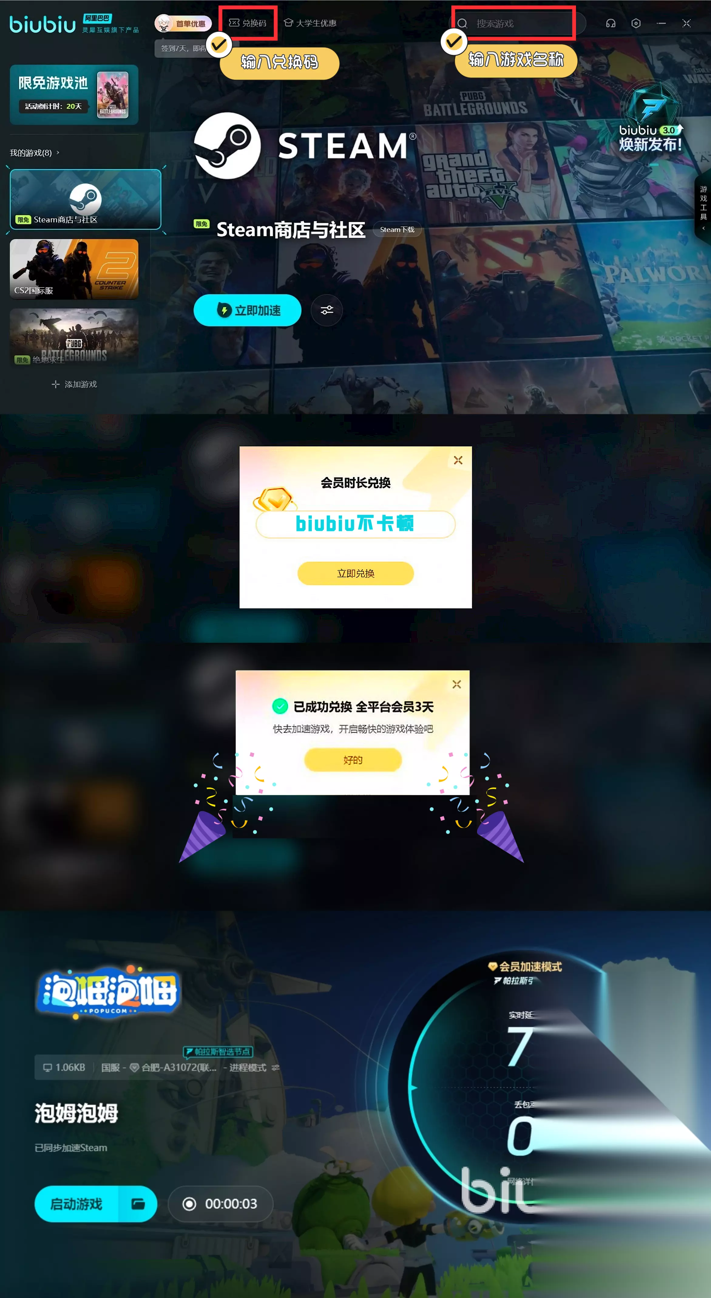 对于一些希望能解锁更多加速福利的朋友而言,其实还可主动来点击兑换,然后借助其口令【biubiu不卡顿】,这样一来所有平台用户均可顺利领取到72小时加速,助力自己去获得不错的体验。
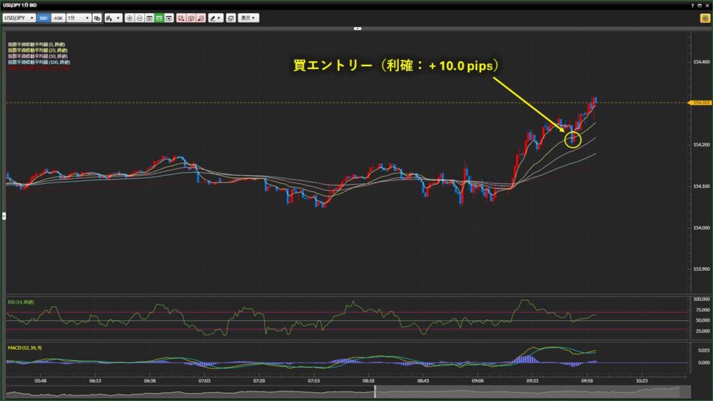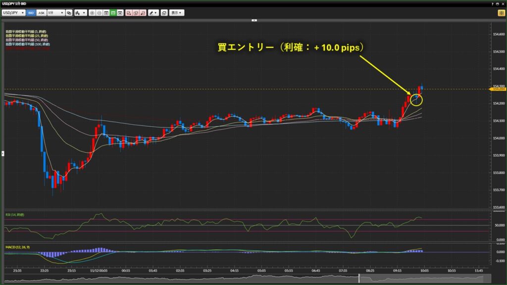 【00004】2025/11/12 ② 利確(通算:4勝0敗0分) 2025年11月 2025.11.18 2025.11.12 【取引結果】 取引通貨:USD/JPYロット数:4損益:+ 10.0 pips (+ 4,000円)資産:262,000 → 266,000円本日勝敗:2勝0敗0分通算成績:4勝0敗0分
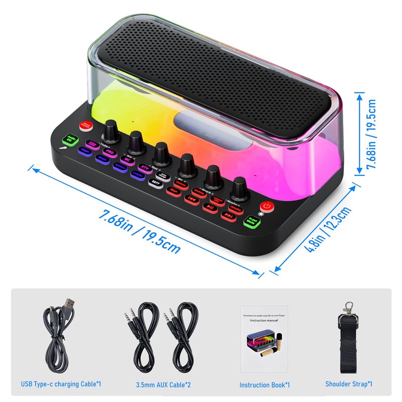- 【Package Included】-- 1 x Live Sound Card Audio Karaoke Machine, 2 x Wireless Condenser Microphones, 1 x Type-C Data Cable,2 x 3.5mm audio cable, 1 x Detachable Shoulder Strap (for Carrying), 1 x User Manual. The design of the soundcard sound and button panel makes it simple and easy to use, ideal for beginners or intermediate podcasters
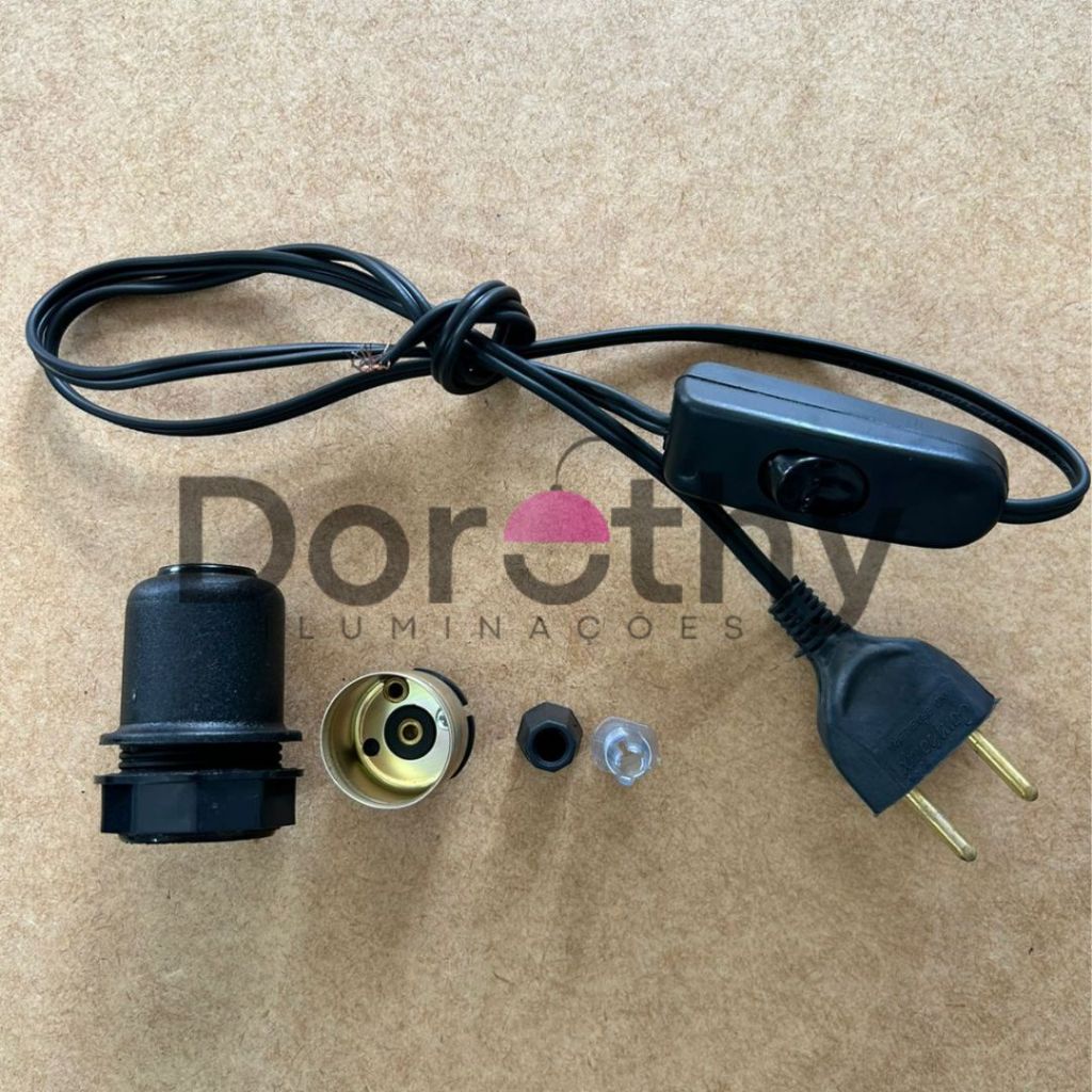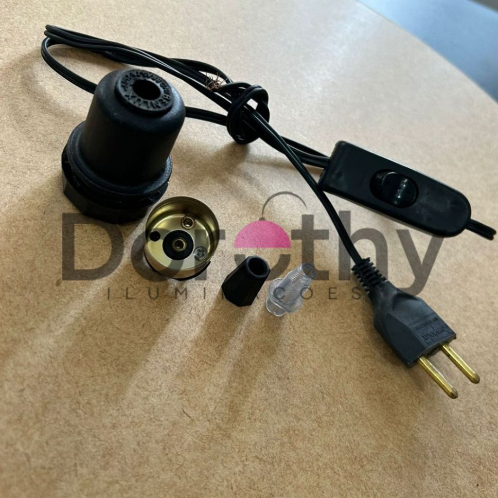 Rabicho Cordão de Abajur 1,5 M Preto Com Interruptor meio Fio Bivolt
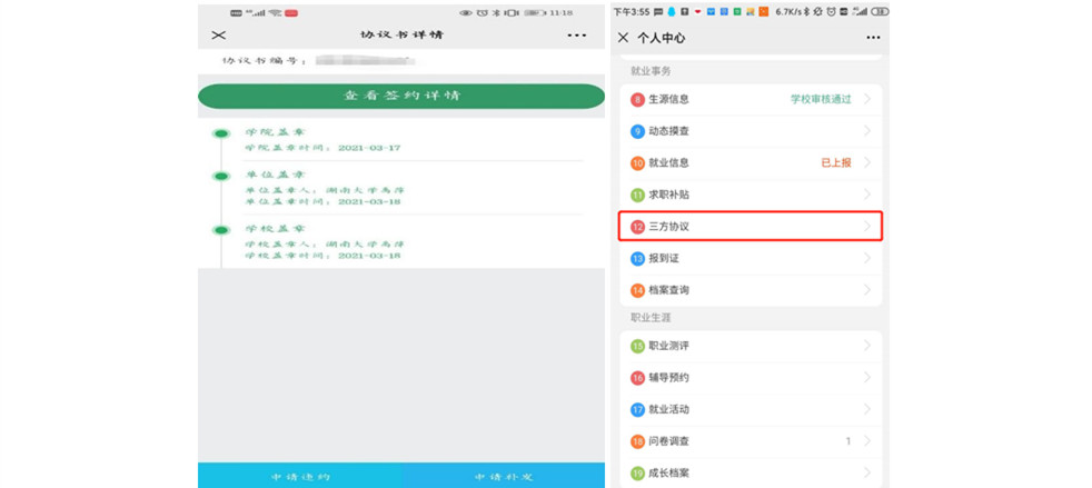 为让就业签约变得更加高效便捷,实现不跑腿就完成签约,招生与就业指导处推行网上签约一站式服务,毕业生和用人单位可通过学校就业信息网或就业微信公众号发起网签,还可实时查看签约进程,实现了在线电子签约,有效提升了签约效率。
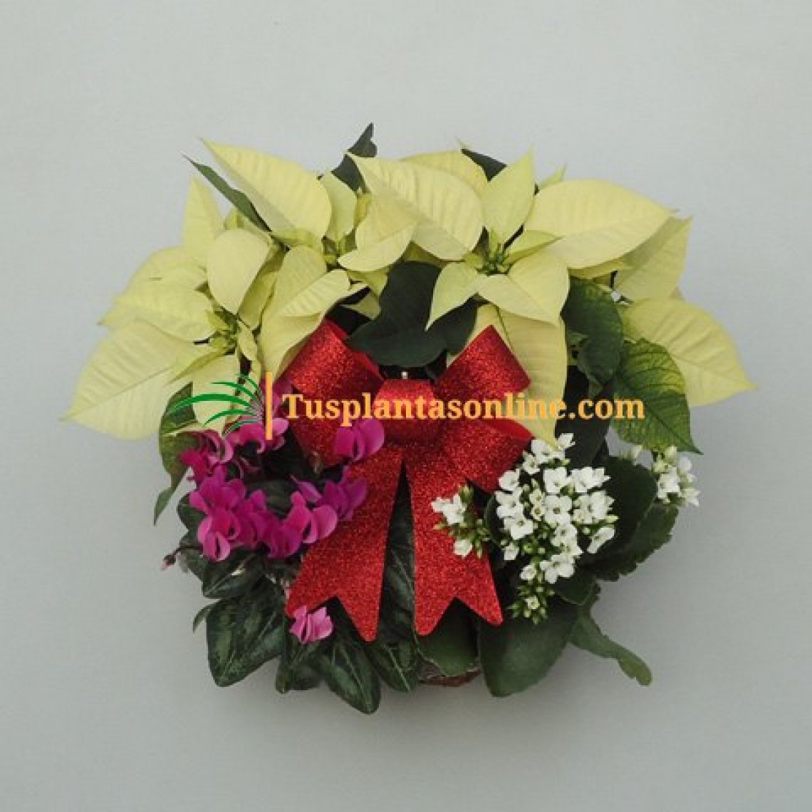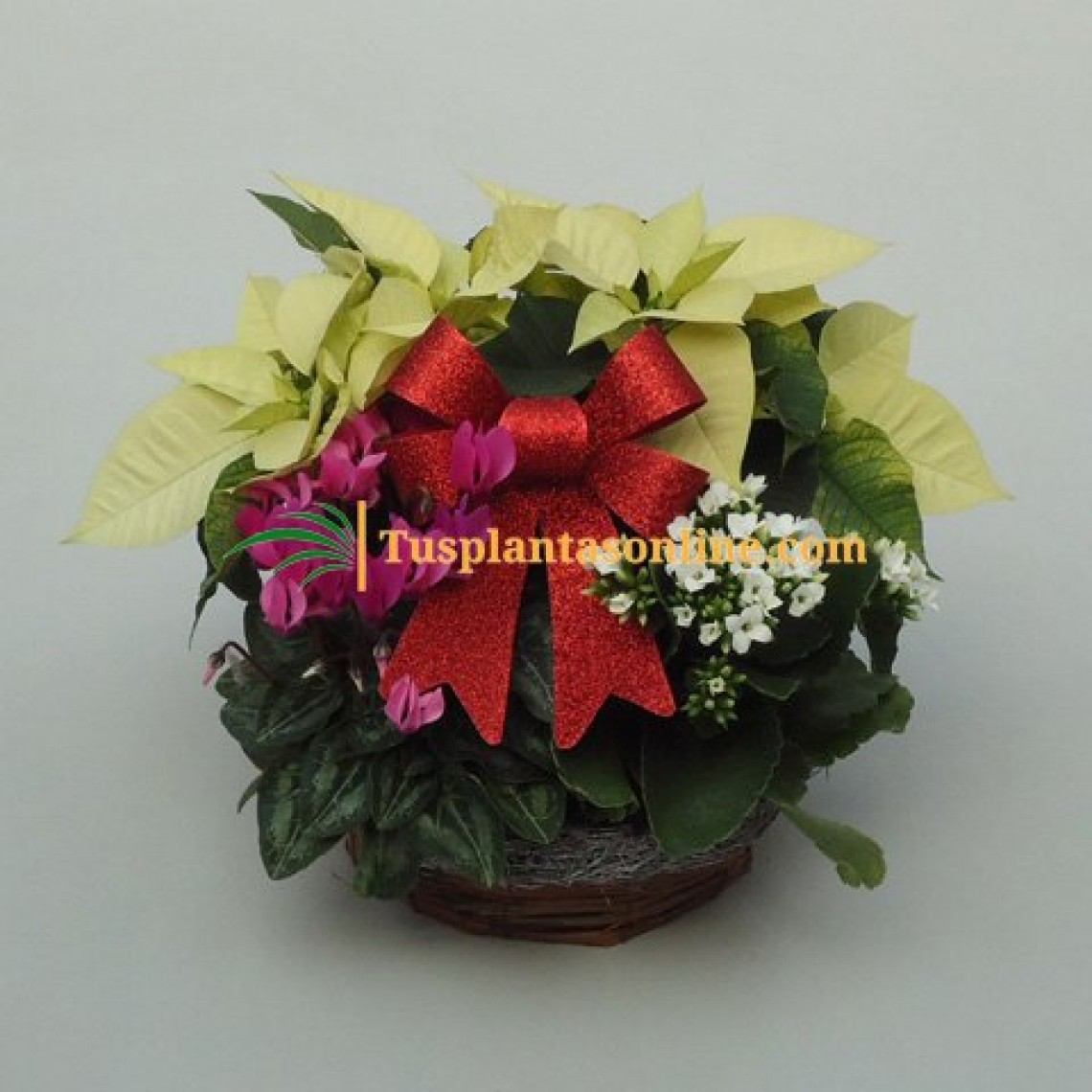 Composición en cesta que contiene: 2 poinsettia (flor de pascua), 1 cyclamen mini, 1 kalanchoe. Adornos: 1 lazo pequeño.Esta composición podrá variar en función de la disponibilidad de planta, la cual podrá ser sustituida por otra de similares características y colores.

● **How to complete this task**
The copy should hold only the lines from the one with "Rabicho Cordão de" through the one with "为让就业签约变得更加高效便捷", exactly as they stand above. Leave out the pictures.

● **Worked solution**
 Rabicho Cordão de Abajur 1,5 M Preto Com Interruptor meio Fio Bivolt
 为让就业签约变得更加高效便捷,实现不跑腿就完成签约,招生与就业指导处推行网上签约一站式服务,毕业生和用人单位可通过学校就业信息网或就业微信公众号发起网签,还可实时查看签约进程,实现了在线电子签约,有效提升了签约效率。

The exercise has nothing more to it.